Output exactly, in the material below, the lines from the one with "Oto i on, biuletyn" through the one with "a dense look.". Omit all pictures.

(Available data Opens)

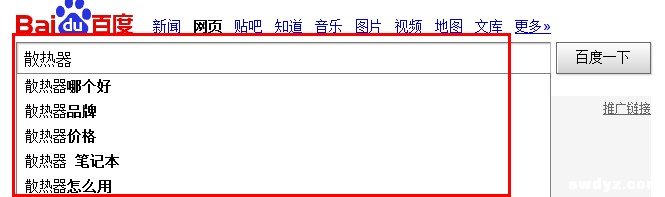 2、百度下拉框:笔者在百度上搜索某个关键词会出现下拉框,下拉框里出现很多文字,这些文字几乎都是长尾词,然后笔者可以搜集起来,如搜索散热器,下拉框会出现散热器品牌、散热器价格等长尾词。
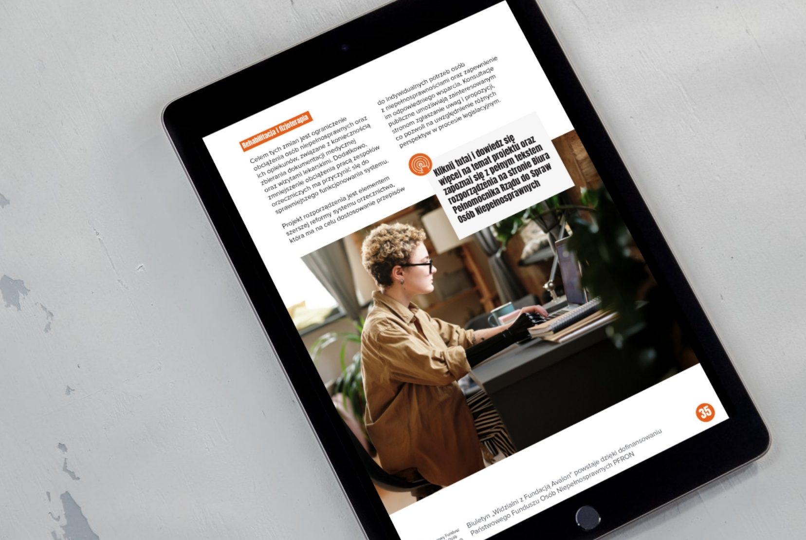 Oto i on, biuletyn Fundacji zajmującej się bezpośrednią pomocą dla osób z niepełnosprawnościami. Jeszcze niedawno tylko jako pomysł, a po dość intensywnym i krótkim czasie pracy już gotowy PDF do pobrania.
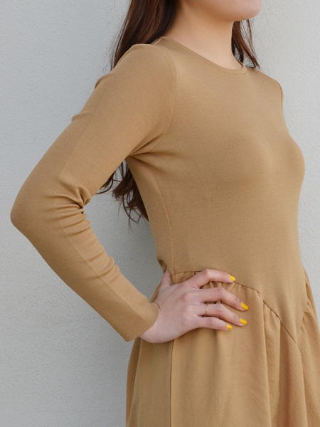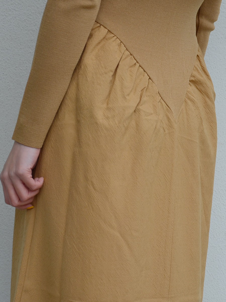 トップはニット、スカート部分はレーヨンに少しナイロンを入れてハリ感を出しています。
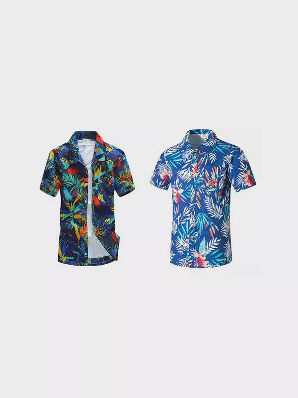 Комплект гавайских рубашек синие с цветами и пальмами размер L, 2 шт
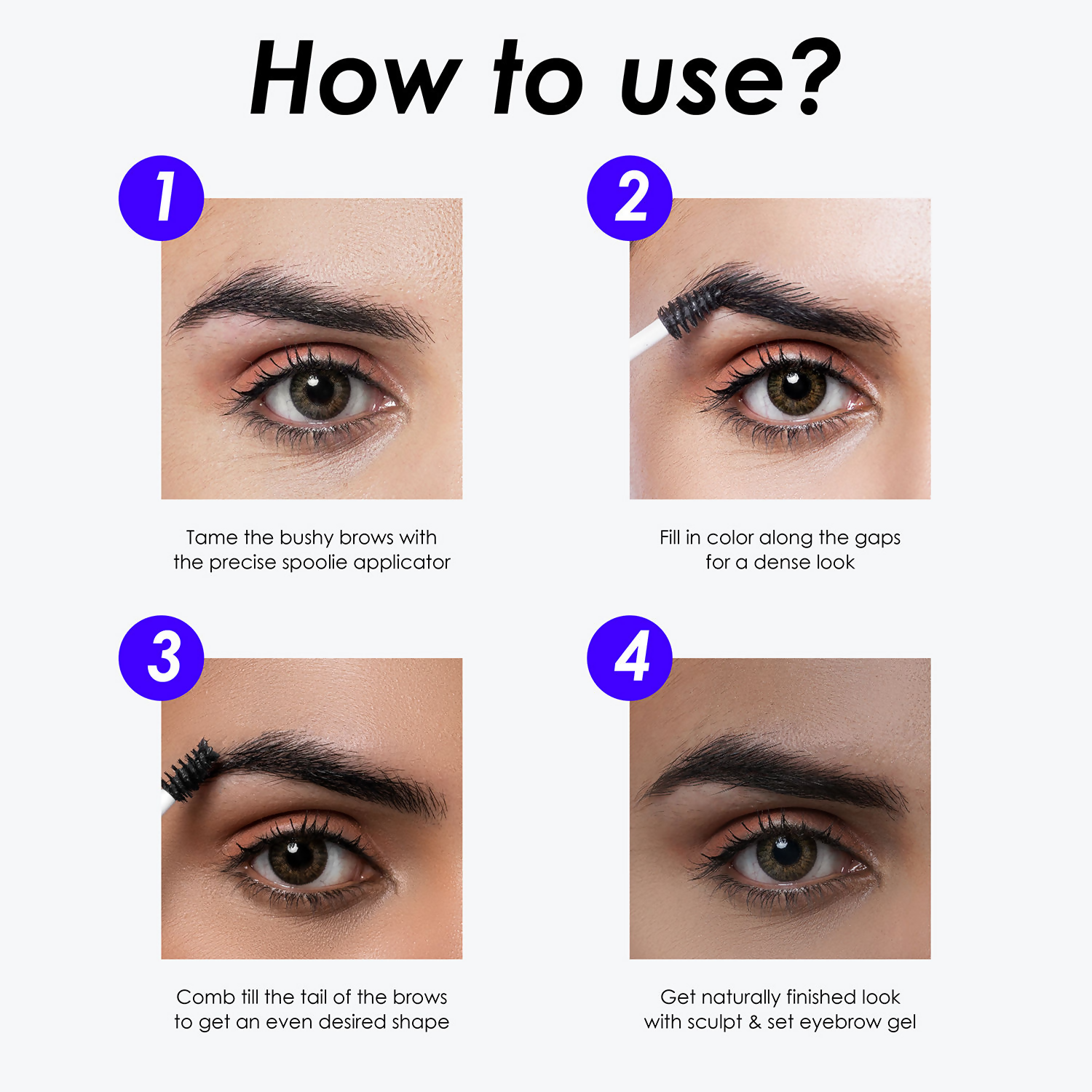 • Start by filling-in the inner corners of your eyebrows and gradually move towards the ends. Fill in color along the gaps for a dense look.
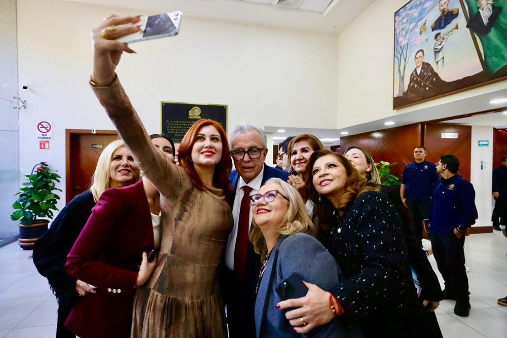 Durante esta reunión de trabajo con las diferentes fracciones políticas que conforman esta Legislatura, el Gobernador Rocha, señaló con convicción que, su administración está inspirada en los principios de la Cuarta Transformación que brinda bienestar a las y los sinaloenses.

(Available data Closes)

§ Answer box
 Oto i on, biuletyn Fundacji zajmującej się bezpośrednią pomocą dla osób z niepełnosprawnościami. Jeszcze niedawno tylko jako pomysł, a po dość intensywnym i krótkim czasie pracy już gotowy PDF do pobrania.
 トップはニット、スカート部分はレーヨンに少しナイロンを入れてハリ感を出しています。
 Комплект гавайских рубашек синие с цветами и пальмами размер L, 2 шт
 • Start by filling-in the inner corners of your eyebrows and gradually move towards the ends. Fill in color along the gaps for a dense look.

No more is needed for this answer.